Неподалёку, метрах в ста от парохода, стояло другое судно — гораздо больше размерами, грузное, с высоченными чёрными, круто заваленными бортами, чрезвычайно похожее на огромную галошу, декорированную по прихоти какого-то чокнутого дизайнера тремя высоченными мачтами и короткой, сплющенной с боков трубой. Бока галоши прорезали прямоугольные отверстия, из которых, как и из бочкообразных выступов по обеим оконечностям корпуса, смотрели на окружающий мир кургузые пушечные стволы.Форштевень далеко выдавался вперёд, словно таран на древнегреческих и древнеримских триремах. Да это и есть таран, запоздало сообразил Роман, а само судно — не что иное, как броненосец. Такие строили, кажется, в конце позапрошлого, девятнадцатого века и снабжали, согласно тогдашней военно-морской моде, подобными опасными украшениями…

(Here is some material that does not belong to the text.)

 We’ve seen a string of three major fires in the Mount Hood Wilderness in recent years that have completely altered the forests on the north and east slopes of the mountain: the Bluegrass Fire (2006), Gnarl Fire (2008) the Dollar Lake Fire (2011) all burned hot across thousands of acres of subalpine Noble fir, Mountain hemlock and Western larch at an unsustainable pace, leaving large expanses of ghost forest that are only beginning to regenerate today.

Он выбрался из-под лебёдки и сделал попытку подняться на ноги. Вышло только с третьего раза — колени дрожали, помятый бок отзывался тупой болью на каждое движение, палуба перед глазами раскачивалась, плыла. Он кое-как доковылял до леера и принялся осматриваться. Над броненосцем, над лесом мачт, над незнакомым городом, с голубых, по-средиземноморски бездонных небес сияло солнце, вились, издавая надрывные детские крики, чайки, пестрели на водной глади белые, бурые, жёлтые лоскуты парусов вперемешку со скорлупками гребных лодок. Над берегом, над крышами, на фоне острого шпиля то ли собора, то ратуши, вырисовывались в дымке горы, пологие, сплошь поросшие лесом горы. С противоположной стороны бухту — даже не бухту, а широкий залив — ограничивал мыс. На самом его конце, на вершине серого, нависающего над водой утёса смотрела в небо белая башня маяка — и Роман сразу, с первого взгляда понял… нет, не понял, а каким-то шестым (седьмым, восьмым?) чувством ощутил, что этот маяк и есть центр, средоточие этого незнакомого, удивительного, но, несомненно, реального мира.

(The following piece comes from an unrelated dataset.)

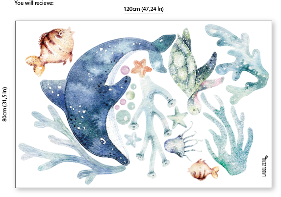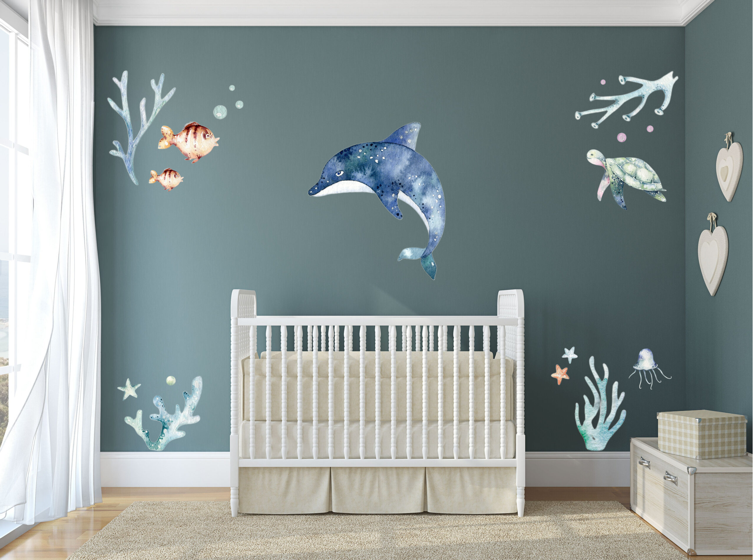 De muursticker met zeedieren is een leuke manier om de baby/kinderkamer op te vrolijken. Stijl de kamer aan de hand van het voorbeeld of leef jezelf uit 🙂

Пароход тем временем ожил. Забегали по палубе матросы, машина застучала, сотрясая корпус мелкой дрожью. Судно дало ход, проползло около полукилометра и снова замерло. Матросы под руководством зычно ругающегося на «эсперанто» боцмана принялись крепить швартовые концы к большой, склёпанной из железных листов бочке, покачивающейся на волнах. Одновременно с правого борта спустили шлюпку, и вслед за гребцами в неё спустился давешний тип в хэмингуэевском свитере. Капитан с мостика помахал ему рукой, коротко, прощально квакнул гудок, и шлюпка, отвалив от борта, полетела, подгоняемая ударами четырёх вёсел.
— Рамон, ты куды подився? — заорали за спиной, добавив сочный матерный оборот. — Ходи сюды, треба на чорножопых у трюмах подивитися — подохли вже, чи ще ни?
«Рамон» — это имя значилось у Романа в «краснокрестном» аусвайсе. «Си, амигос!» — крикнул он, и порысил на зов. Ссориться с вооружёнными до зубов, явно
недовольными жизнью украинцами (им, судя по помятым физиономиям, крепко досталось во время недавнего светопреставления) не стоило.Но, как бы скверно им не пришлось самим бандитам — это были сущие цветочки в сравнении с тем, что пришлось испытать запертым в трюмах беженцам. Стоило распахнуть крышки люков — и наружу, отравляя чистый морской воздух, хлынули густая вонь, запахи нечистот и рвотных масс. И звуки — крики, рыдания, мольбы истерзанных заточением в поистине нечеловеческих условиях людей.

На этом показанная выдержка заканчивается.